В его словах послышался необыкновенно торжественный тон, и я тут же вспомнил о мании величия. В этом странном профессоре все – и, наверное, психическое расстройство, и высокий талант, и внутренняя сила – сплеталось в удивительный узел, и я с любопытством разглядывал его лицо, повернутое ко мне и освещенное скудным светом экрана.
– Мой экосад – лишь робкое начало, – продолжал Квастму, воодушевляясь, – сама идея была гораздо глубже. Глобальнее, я бы сказал. Недаром я назвал свой заповедник «Спасатель». Поначалу, очень давно, я, как и вы, молодой человек, думал о том, что все живое на планете может сохраниться только тогда, когда оно научится приспосабливаться к человеку. Но потом я понял, насколько ошибся в последнем. Человек – это пока средоточие зла. По крайней мере такой, каков он есть на сегодняшний день. Он ничего не в состоянии сделать, и – может лишь разрушать, приспосабливая, подминая под себя все.

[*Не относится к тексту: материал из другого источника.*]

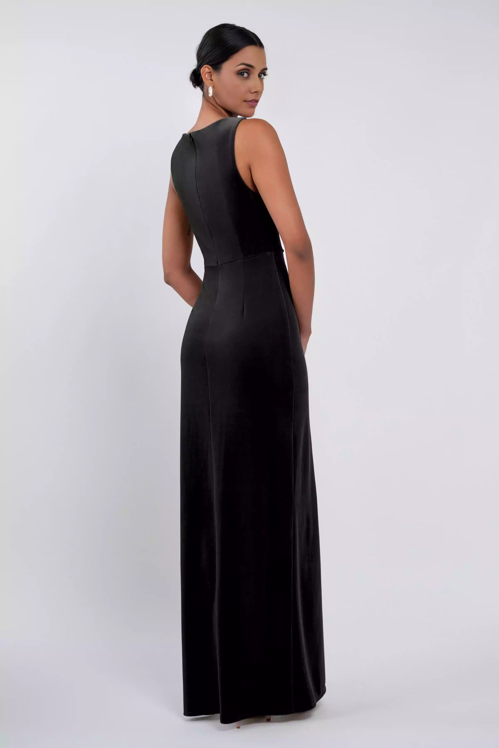 Beautiful velvet, elegant drape, fashionable high neck, mid waist, pleated tight corset, back mid zip Bridesmaid Dresses

– Постойте, – не выдержал я, – но ведь человек – величайший создатель…
– Величайший создатель – природа, – резко сказал Квастму, – а не человек. Что он создал? Для своих муравейников он крушит все подряд – жжет леса, уголь, нефть Величайшее его изобретение – использование ядерной энергии. А что он делает для этого? Расщепляет! Даже здесь разрушение! Да а, прошли те времена, когда человек в состоянии был жить в согласии с природой, когда ему хватало солнечного тепла, энергии ветра. Нет! Теперь ему дан сжечь, взорвать, раскурочить весь мир на потребу сиюминутной выгоде. А дальше – гори все синим пламенем! – Квастму распалился и, полуобернувшись ко мне, жестикулировал одной рукой.
Он говорил, наверное, свое самое сокровенное и теперь явился передо мной таким, каким был на самом деле – открытым и яростным.